Ho hum, another boring route report.  We've spent some time looking for a shorter route going towards the John Krein trail that doesn't involve an unpleasant slog around the north west end of First Ridge.  We found the far end the other day, but didn't walk it back all the way to the house. We're still a little soft on what happens in the middle, but here's the start from the house.

There are the Three Wise Men.  When they become visible, look for a turn off the trail towards Little Cat mountain.


The trail.  It looks like just about every other trail.  Notice the saguaro in the distance.


Here is the distant saguaro, with distinctive markings.


Somewhere, out there, is a very cool rock.  I like the circular rings on it.  Jim wouldn't haul it back to the house for me. 


There will be more route finding, which I will probably add here.
 

Monday, January 28, 2019

Seen by a Golf Course

Today was a glorious day.  No big wind, and it was warm.  We took the bikes up the Loop bike trail and it was good.  Coming back we saw this guy.
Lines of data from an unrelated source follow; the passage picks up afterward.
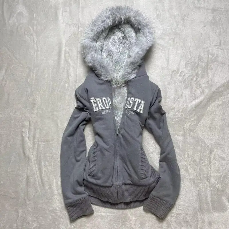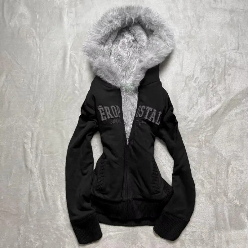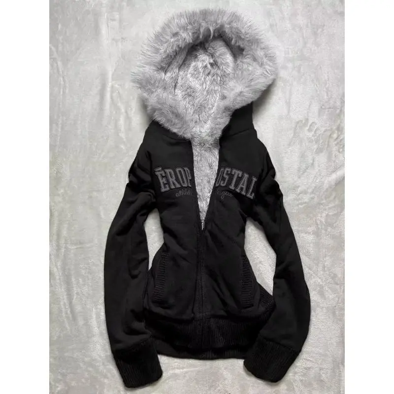 American original gray thickened hooded sweatshirt jacket for women retro slim hottie design warm zipper jacket
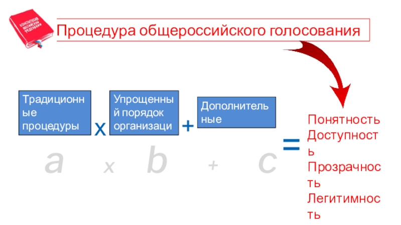 Процедура общероссийского голосованияТрадиционные процедуры голосования=Упрощенный порядок организациихПонятностьДоступностьПрозрачностьЛегитимностьДополнительные механизмы+a   x      b
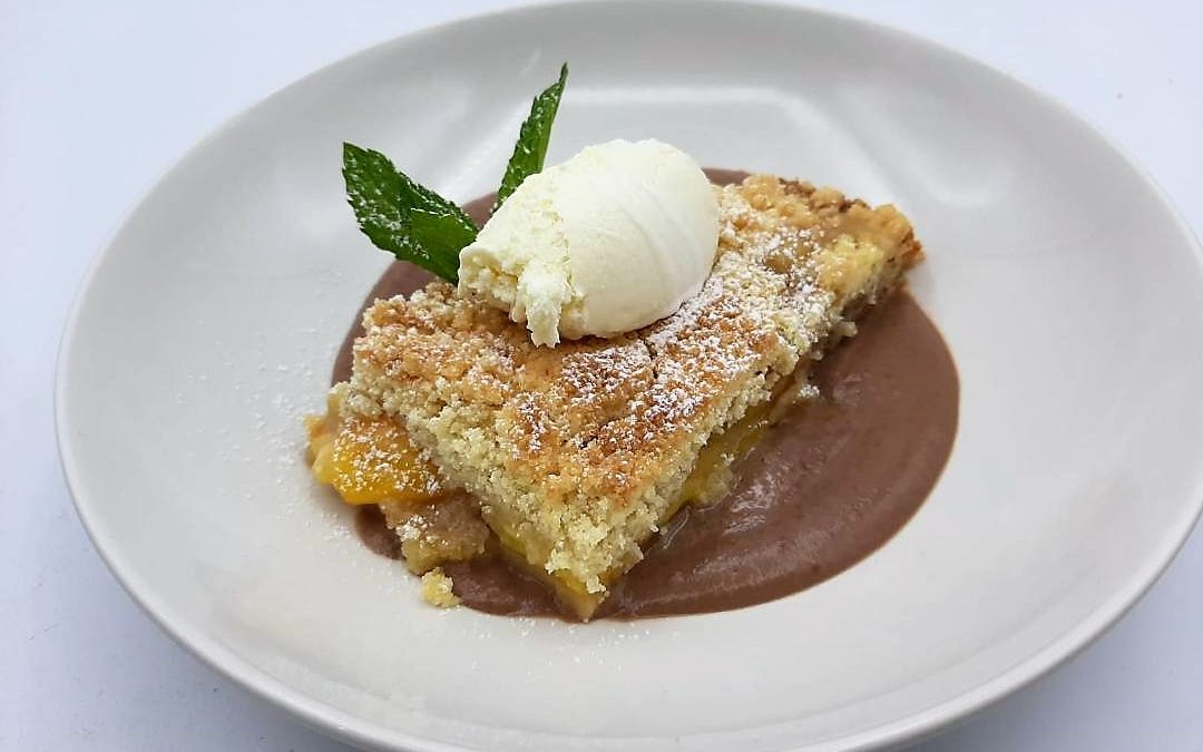 Disponer encima el crumble reservado, cubriendo toda la superficie, y hornear a 175ºC., entre 25 y 30 minutos; hasta que se dore.
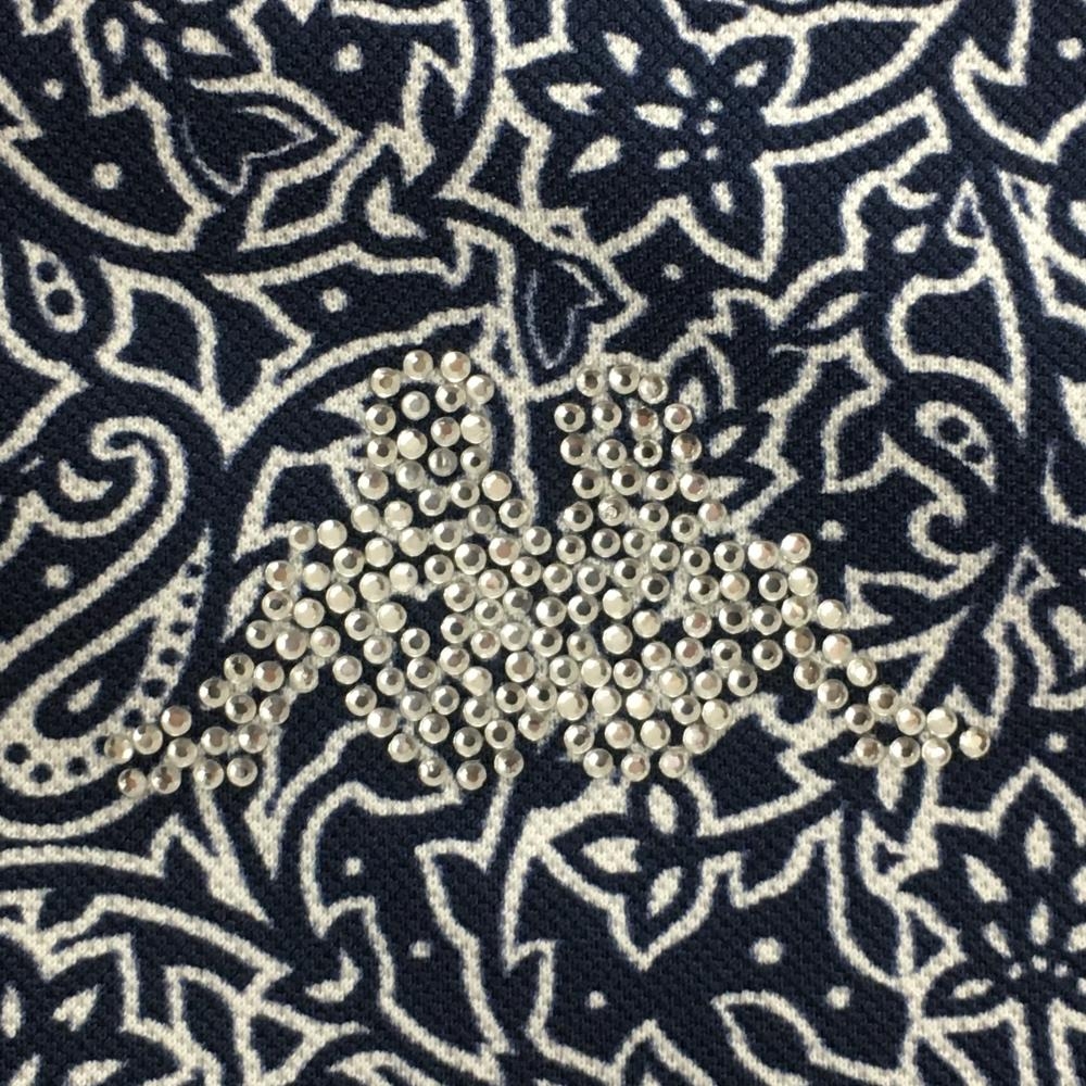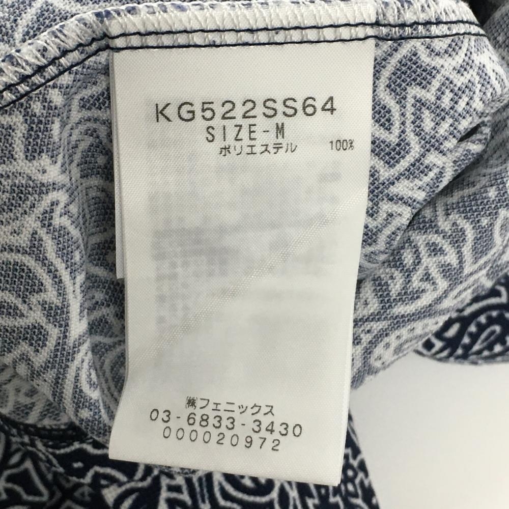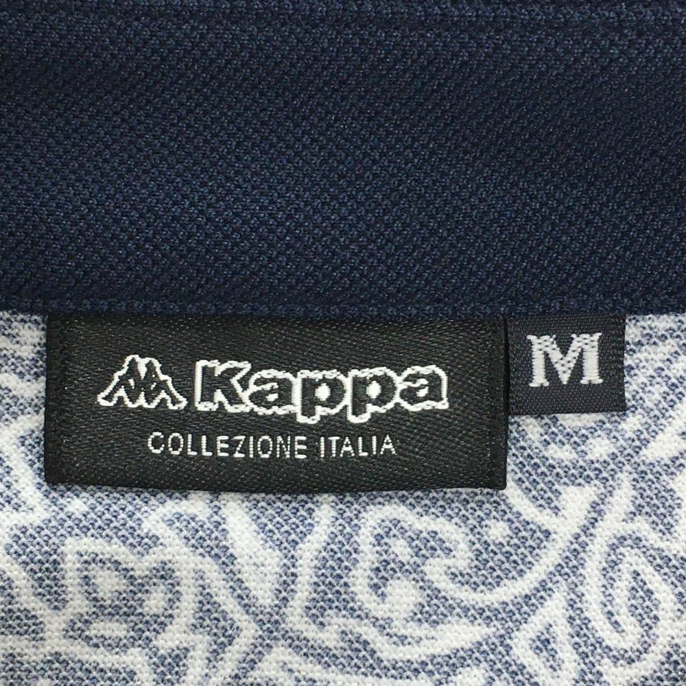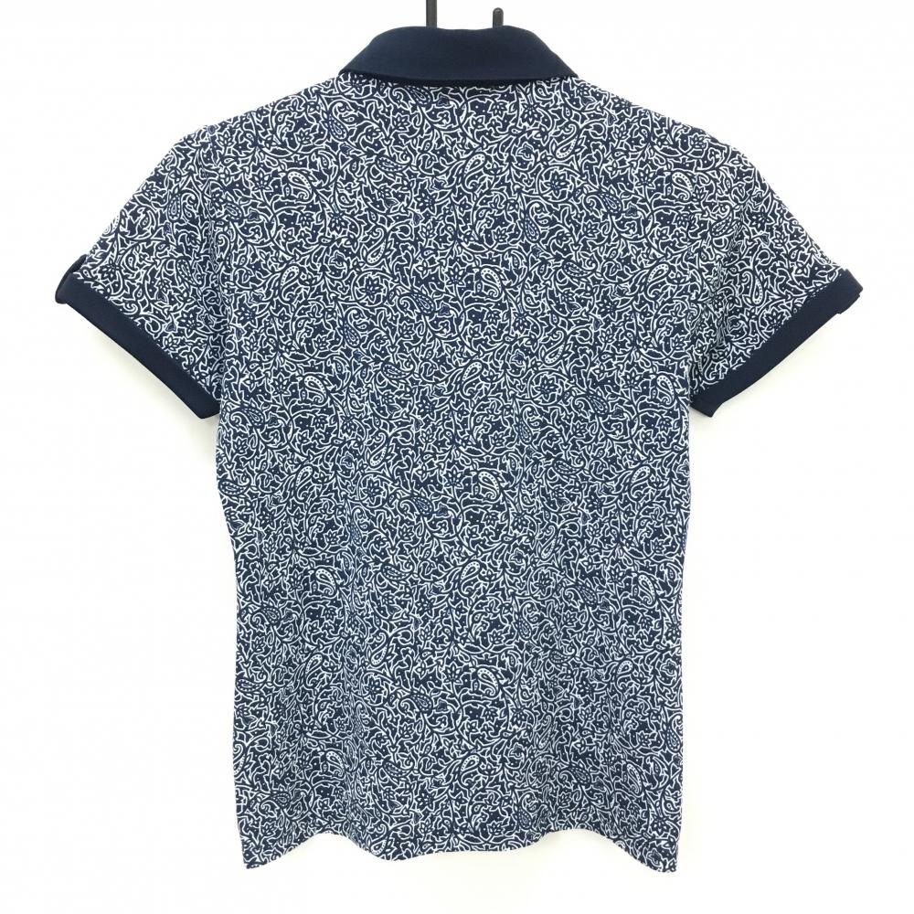 【超美品】カッパ 半袖ポロシャツ ネイビー×白 ペイズリー柄 ロゴラインストーン レディース M ゴルフウェア Kappa
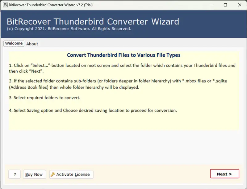 - Στη συνέχεια, επιλέξτε τοΑπαιτούμενοι φακέλοι Thunderbirdκαι πατήστε τοΕπόμενοςκουμπί.
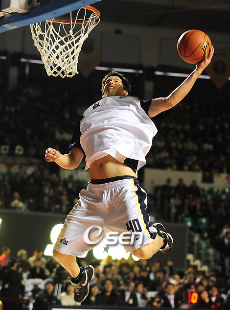 프로농구 '별들의 잔치' '희망 2009 동부 프로미 프로농구 올스타전'이 1일 잠실 학생체육관에서 벌어졌다. 전창진 감독이 이끄는 드림팀은 동부, 모비스, LG, 오리온스, KTF, 안준호 감독의 매직팀은 삼성, SK, 전자랜드, KCC, KT&G로 구성 멋진 경기를 펼쳤다. 경기 전 벌어진 덩크슛 콘테스트에서 오리온스 이동준이 호쾌한 원핸드 덩크를 구사하고 있다./학생체=손용호 기자spjj@osen.co.kr
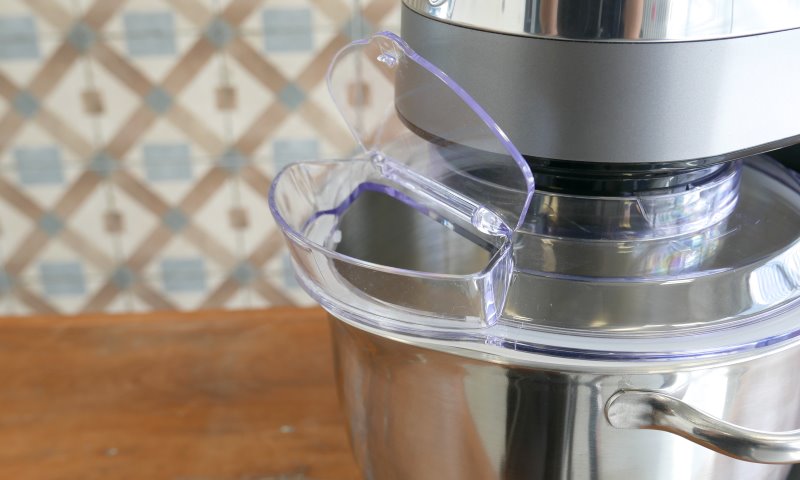 Também acompanha um aparador feito em plástico transparente, que fica preso na cabeça da batedeira e sobe com ela. Isso traz uma melhora na usabilidade quando tendo que remover ou colocar os batedores ou a tigela, já que o aparador não fica no caminho como na maioria dos modelos. O acessório também possui um anel de borracha ao redor que ajuda na vedação com a tigela, e funciona bem quando combinado com a baixa velocidade mínima.
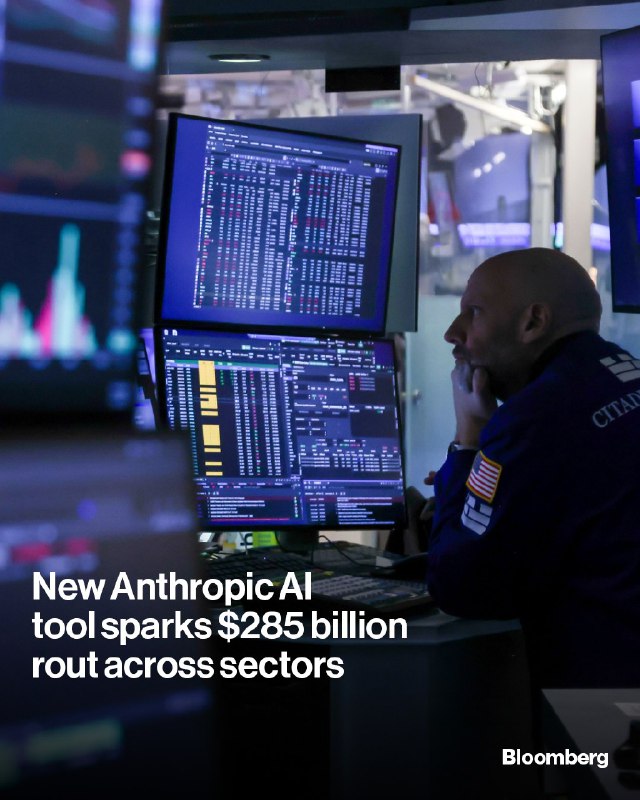 A new AI automation tool from Anthropic sparked a $285 billion rout in stocks across the software, financial services and asset management sectors on Tuesday as investors raced to dump shares with even the slightest exposure.https://bloom.bg/49UxtGo📷: Michael Nagle/Bloomberg

He was very aware of us, but stalked down the fence line with no concern for the humans.


He's a bobcat.  They're nocturnal, so seeing one in broad daylight is unusual. It was really cool.


Here are two more photos I swiped from the internet some time ago.  One does wonder how he got on top of the saguaro without severe damage to his feet.




Sunday, January 27, 2019

May I Please Vent?

In mid-November, Jim aggravated his right Achilles tendon.  We went to the walk in clinic at Tucson Orthopedic Institute.  Their diagnosis was an -itis and the treatment was wear a boot for a month.  So that is what Jim did.  He got the first boot at Tucson Orthopedic.  Since he'd be wearing it except in the shower, we wanted a second boot.  It's amazing how much dirt and mung they collect.

Of course, we went out to Amazon.  We bought this for $53.63.  It's the exact same model as the one that was dispensed at TOI.  The paper work called out this exact model. 


Yesterday we got the charges from Medicare.  They charged $499 for the same boot.  It does have a TOI label sewn on it, but it's the same boot.  $499 for a $53 dollar boot.  Maybe this is why health care costs so much in this country.



I bring this to your attention so that if you are under-insured and need some sort of medical device and it's not an immediate need, perhaps you'd like to check Amazon first before getting ripped off.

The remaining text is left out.